Homily for the 2nd Sunday of Ordinary Time. Jan. 18, 2026. The Gospel of John 1:29-34. Theme: Behold the Lamb of God!
If there’s a title for Jesus that we Catholics hear the most and yet probably understand the least, I would say that it’s the one proclaimed in today’s Gospel: Lamb of God. We are so familiar with saying it and hearing it at every Mass that I think it may have become just one more of those “Catholic things” that we no longer stop to really think about because they are so familiar to us. It’s kind of like the way so many of us look upon a crucifix. We are so used to it being on the walls of our churches or homes that we no longer really see it for what it is: the bloody corpse of a tortured man. But the thought of Jesus as “Lamb of God” should arouse within us the same sentiments of pity, love, and gratitude as that of the cross. Why? Because they are really one and the same thing just expressed in two different ways.
To grasp this connection we need to take a brief look at the religious worship of Judaism, the spiritual womb out of which Christianity was born. The religion of the Old Testament was significantly associated with animal sacrifices offered in atonement for sin. Lambs, whose white wool coats became symbols of purity and holiness, had a preeminent role in these sacrificial Jewish liturgies. And the most important of them was that of Passover which we retell in our Liturgy every Easter. God commanded that the blood of a sacrificed lamb was to be smeared on the doorposts of Hebrew houses in Egypt granting them protection from death. Then, after the family ate the flesh of this sacrificed lamb in a special ritual meal, they took off on the Exodus journey.
However, these ritual sacrifices were insufficient to actually remove sin and actually wipe away their guilt. Why? Because both the Jewish priest making the sacrifice and the people offering the lamb as a proxy for themselves, were sinful human beings with no power whatsoever to bring about atonement for sin. A better way was needed and God himself provided this better way. You see, the only way that true and effective atonement could be made was if the one making the sacrifice was himself utterly free of sin and motivated by pure and perfect love. In other words, the human race stood in need of a perfect and all-holy human being who would thus be able to offer up a perfect and all-holy sacrifice on behalf of all! And this put us in quite a quandary because no one among us stood before God free from sin!
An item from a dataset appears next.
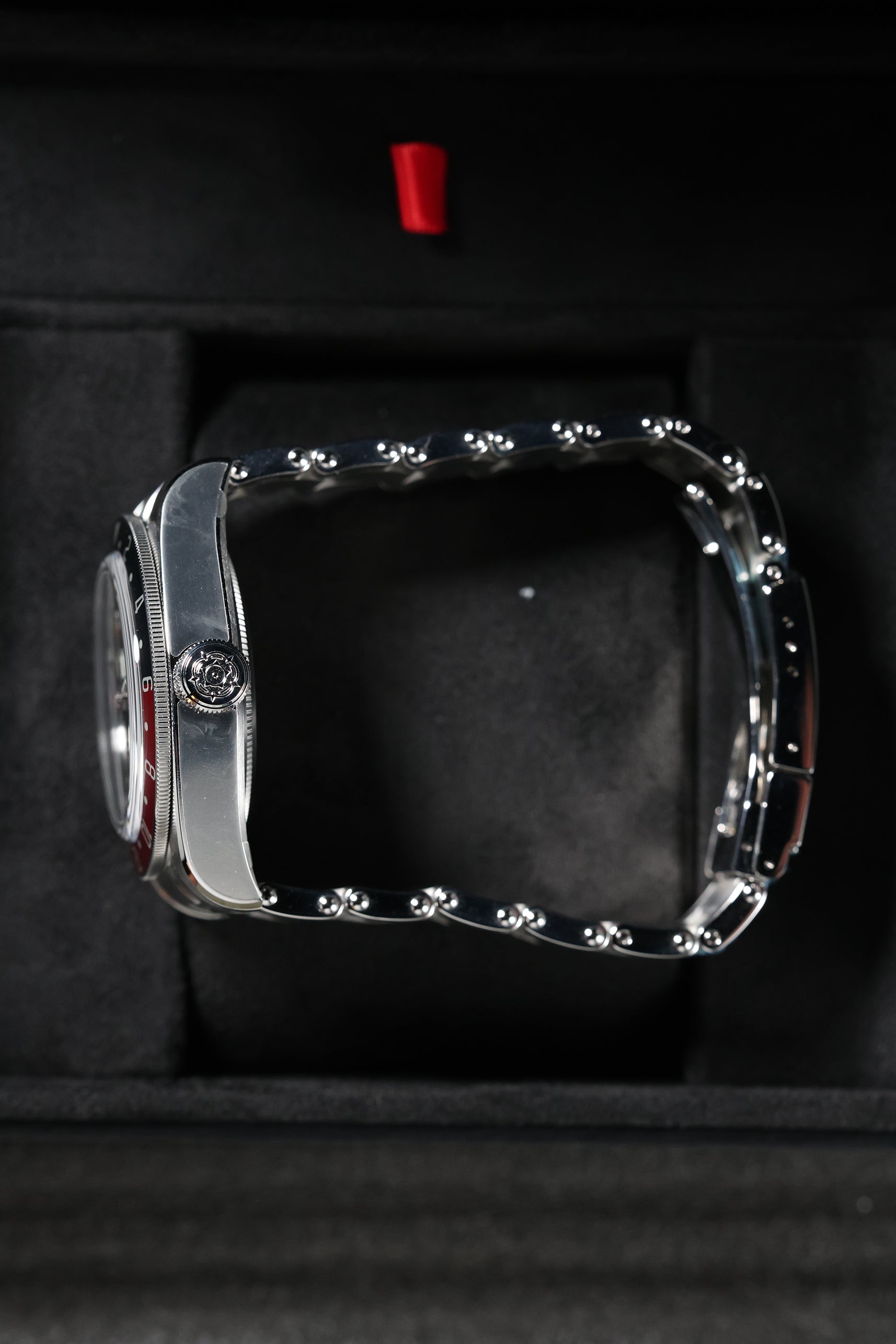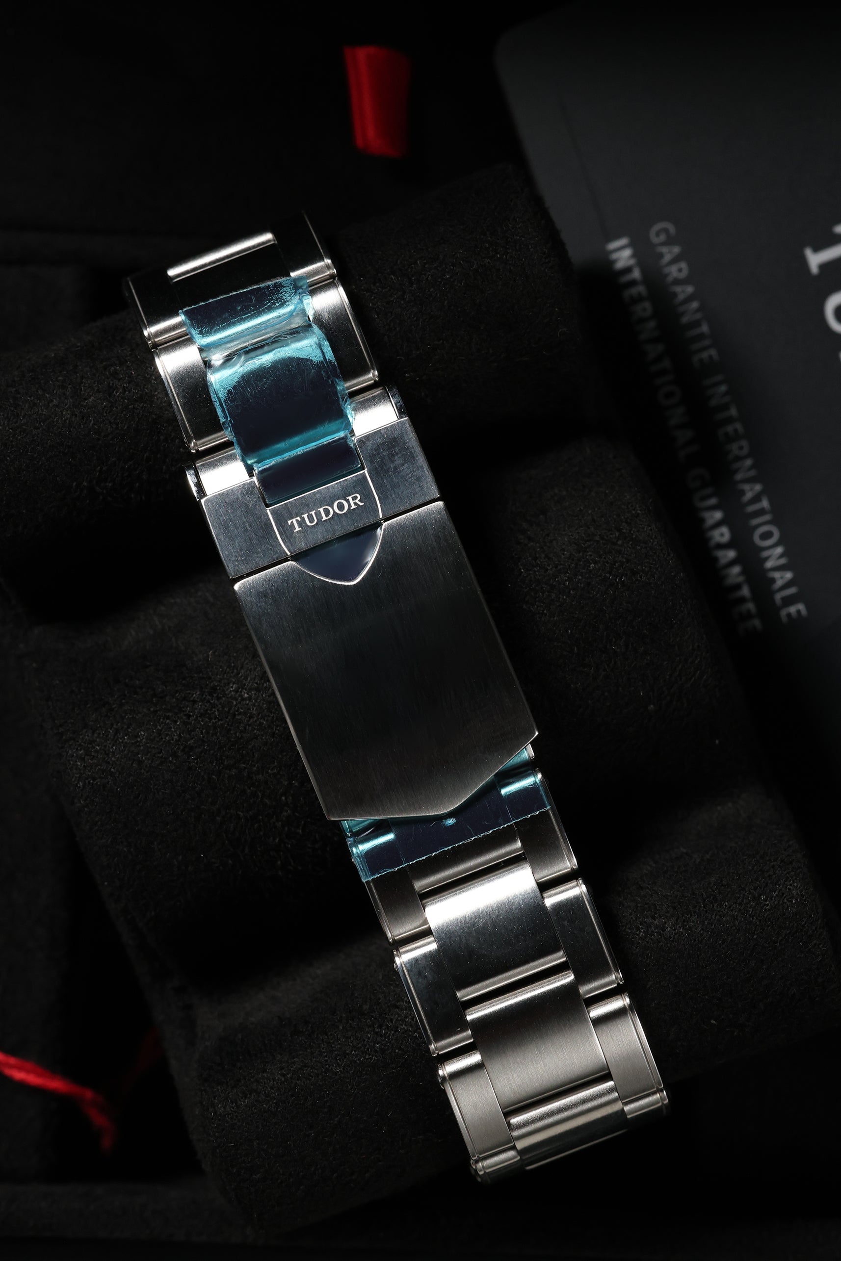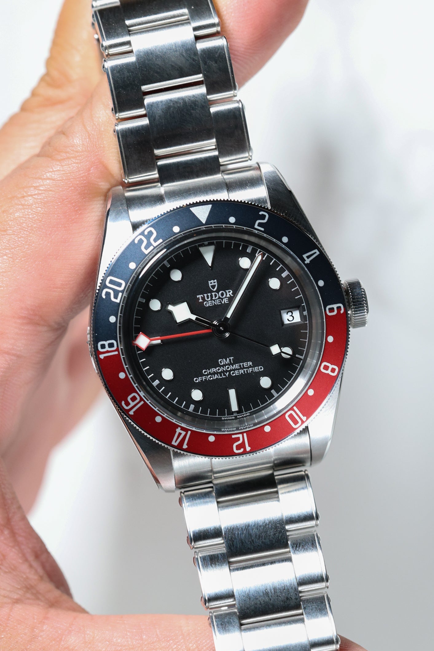 The matte black dial is a study in understated elegance, featuring Tudor’s signature snowflake hands and bold hour markers filled with luminous material for exceptional legibility in low-light conditions. The red and blue bezel insert not only adds a vibrant pop of color but also enhances the watch’s practicality, making it easy to distinguish between day and night hours. The red GMT hand, with its sharp arrow tip, stands out against the dial, ensuring clear readability of the second time zone. Every detail is designed with purpose, staying true to Tudor’s commitment to both style and functionality.

And so, to make this seemingly impossible condition possible, God himself became man. This was the only way it could be done. With the consent of God the Father and by the power of the Holy Spirit acting upon Mary, God the Son freely gave up the glory of his heavenly realm in order to truly become one of us. And this is why the Gospel of John tells us that, “God so loved the world that he gave his only Son, so that everyone whoever believes in him might not perish but might have eternal life.” (Jn 3:16) Finally, true atonement for sin became possible! The sacrifice of Jesus, the Lamb of God, accomplished what millions of animal sacrifices could never ever do, because it had divine love and divine power behind it. And this sacrifice of Jesus as the victim-lamb had actually been foretold by the prophet Isaiah, 700 years before it took place. He said that the Messiah would be like a lamb brought silently to the slaughter, to take the sins of the people upon himself and wash them away through his blood.
The Passover ritual of the Old Testament was a foretelling of the Great Passover of Jesus Christ, the Lamb of God. His Precious Blood of Atonement was first poured out on Good Friday and then has been ritually re-enacted ever since in every Holy Sacrifice of the Mass. Just before Holy Communion, the priest like St. John the Baptist, points out to us the Lamb of God who takes away the sins of the world. He directs us to turn our eyes towards the Lord, whose heart is full of compassion and pity for us in our weakness. This is why we respond with the plea for healing and forgiveness. Then we acclaim Jesus as the Lamb of God three times, and in the first two of these petitions ask him to “have mercy on us.”
But why do we change the last invocation, to “grant us peace”? Because the Lamb of God brings us serenity of heart since we know we are immensely loved. He bestows upon us serenity of mind because he has brought our sins with him to the cross. And when that Lamb rose triumphantly from the grave our sins remained behind, dead, buried and gone. And so we know that by grace through faith we have been freed from the guilt of our sins and this fills our hearts with a peace that the world cannot give.